Tuesday, January 02, 2007

New year's resolutions

Ah, it's that time of year again. The resolutionists come out of the woodwork only to disappear back again in about a month. Getting fitter and losing weight are perennials on the new years resolution top ten lists (usually in the top 3) but why do so many people come out in January only to be back to their old habits by February?

The answer is that they do not have a plan and that they have set unachievable goals.

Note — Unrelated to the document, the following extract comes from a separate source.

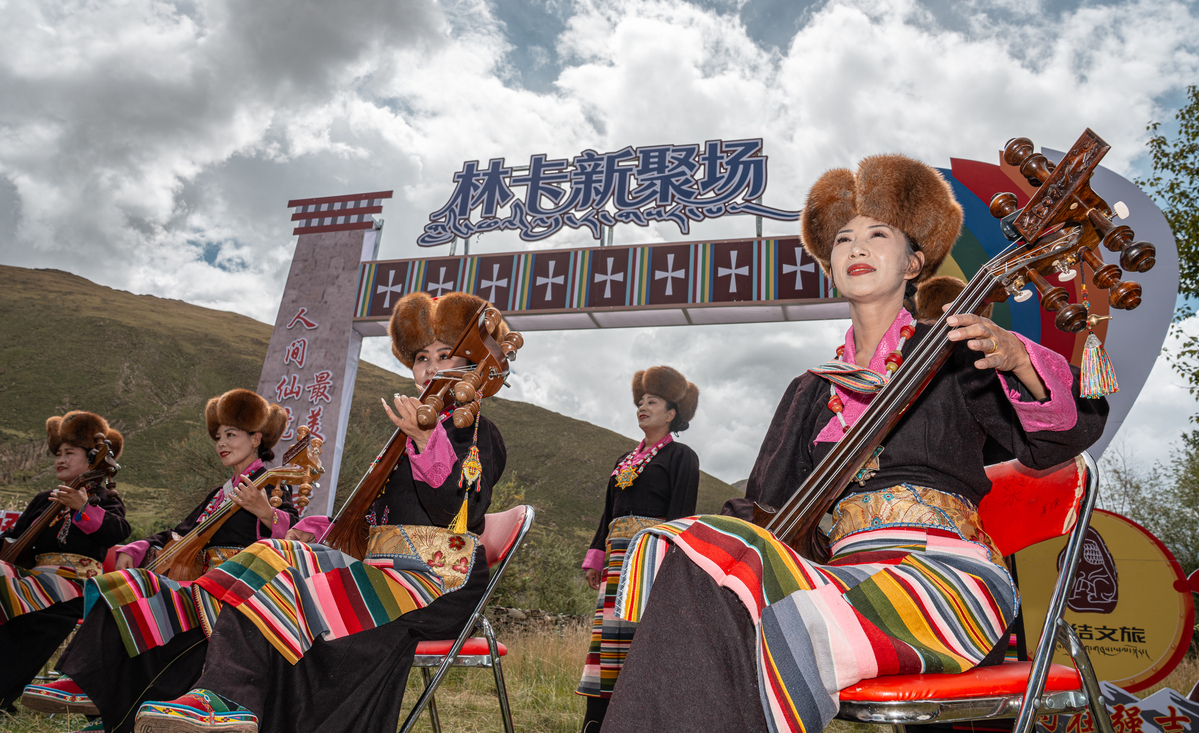 Actresses perform at a "Lingka" festival in Chonggyai county of Lhokha, Southwest China's Xizang autonomous region, on Sept 13, 2025. [Photo/Xinhua]

The first thing to do is to look at your goal. A goal must have three components. It should be specific (measurable), achievable and have a timeframe. It's one thing to say "I want to lose some weight" but it's not likely to be successful. Try instead to add the three components for example "I want to lose 20 lbs by the end of April". Is this achievable? Probably, if you make a plan and stick to it. If however you wanted to lose 20 lbs by the end of January, I would suggest either changing the amount of weight or the timeframe. Setting goals that you are not willing to commit to will always fail so set a commitment that you are willing to live with.

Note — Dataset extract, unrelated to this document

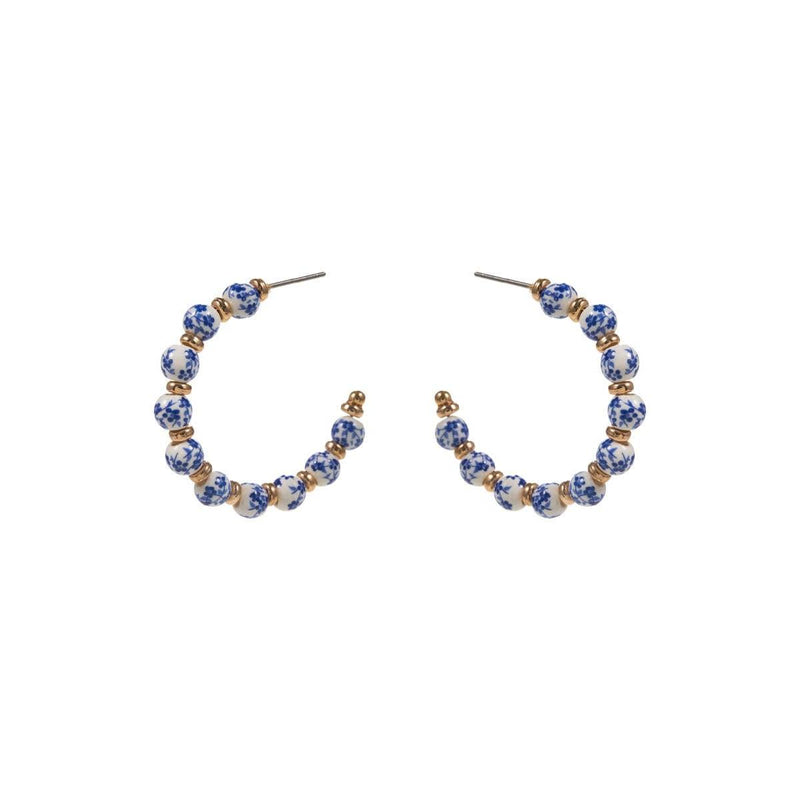 Round Shaped Ceramic Bead Brass Hook Earrings

Now that you have a good goal, it's time to set out your plan to achieve it. It won't happen all on it's own. Break your larger goal down into smaller chunks and write down what you need to do to make the milestones. Twenty pounds in four months can be easily broken down to five pounds a month. Five pounds a month is 1.25 pounds a week and we know that a pound equates to about 3200 calories. Now you just need to figure out how to get a deficit of 4000 calories a week that you are willing to live with. There are 2 ways of getting a calorie deficit; take less calories in and burn more calories. A combination of diet and exercise would be the most effective method.

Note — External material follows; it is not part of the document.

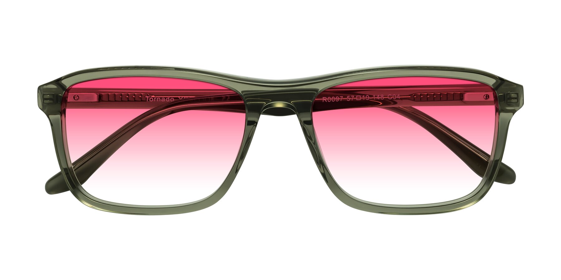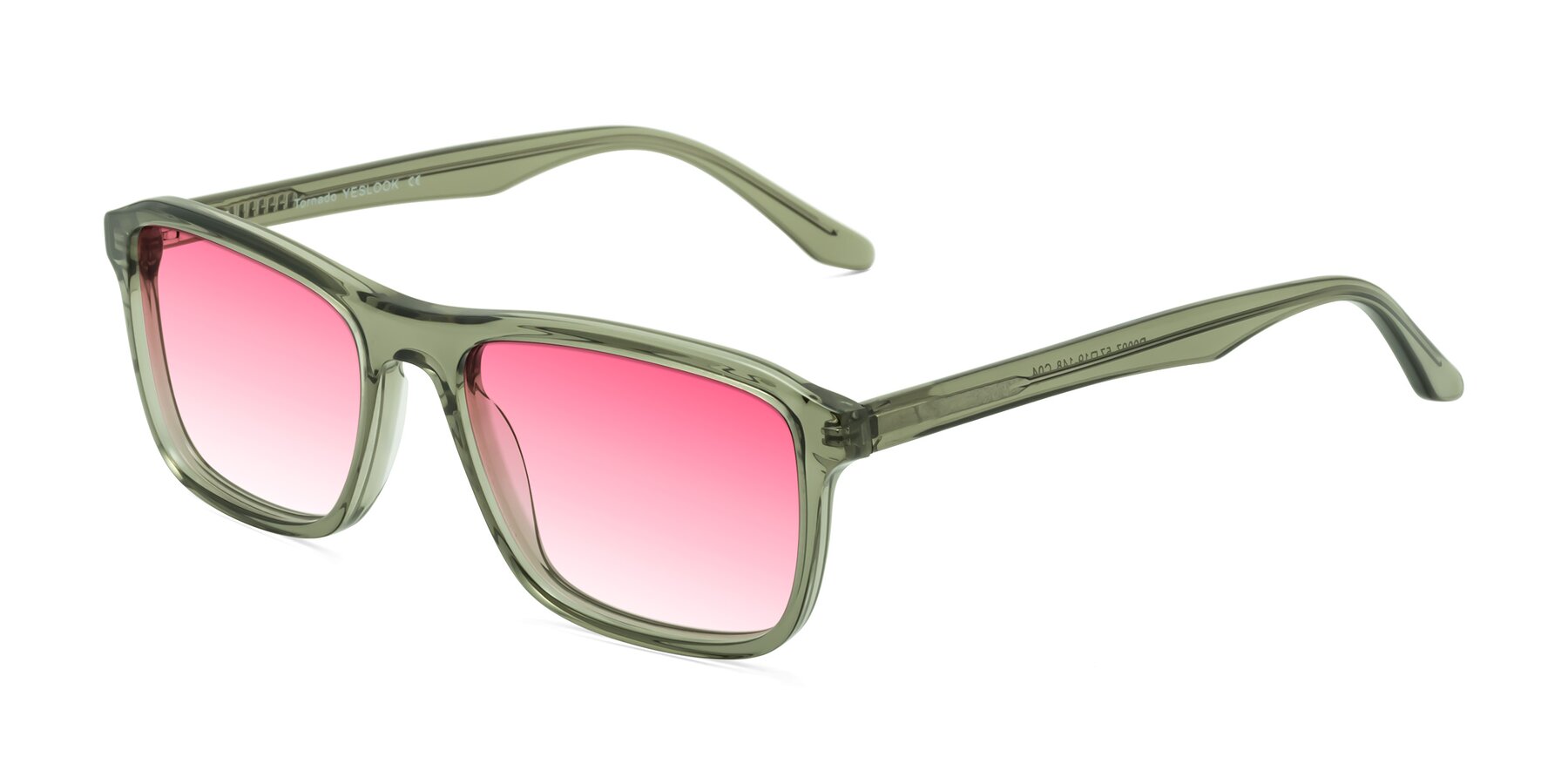 Grayish Green Classic Acetate Rectangle Gradient Sunglasses with Pink Sunwear Lenses

Decide what dietary changes you are willing to make and what commitment to additional exercise you can realistically do and plan to do them. Don't make the mistake of over estimating the amount of exercise you will do which is one of the most common mistakes. If you currently do little or no exercise, it's not realistic to plan to be at the gym 5 times per week. Start out slowly and build up. Get used to exercising once a week. Once you're OK with that then increase it to two and so on.

The other common mistake is doing too much, too soon. This usually results in pain or injury and quitting. Give your body some time to adjust to the change before progressing to the next step. A realistic amount of change is 10% per week so if you are currently running 10K per week, increase it to 11K the first week. If you increase to 15K you will be sore and risk injury.

If this is too much for you, get help. If you really want to change, get the help of experts who can help you set a goal, make a plan and follow it. Hire a nutritionist or personal trainer but make sure they are qualified to be giving advise. There are a lot of people out there giving advise and if you are turning your hard earned cash over to them, ask what their qualifications are and make sure they are right for you. Even if you think you can do it yourself, you will be far more successful if you have someone coaching you through the process (Take a look at Hit The Road's Coaching Services) who will guide you through the process and give you someone to be answerable to.

Lastly, good luck. Don't become one of the 80% of resolutionists who are gone within a month. Set your goals, make a plan and achieve them.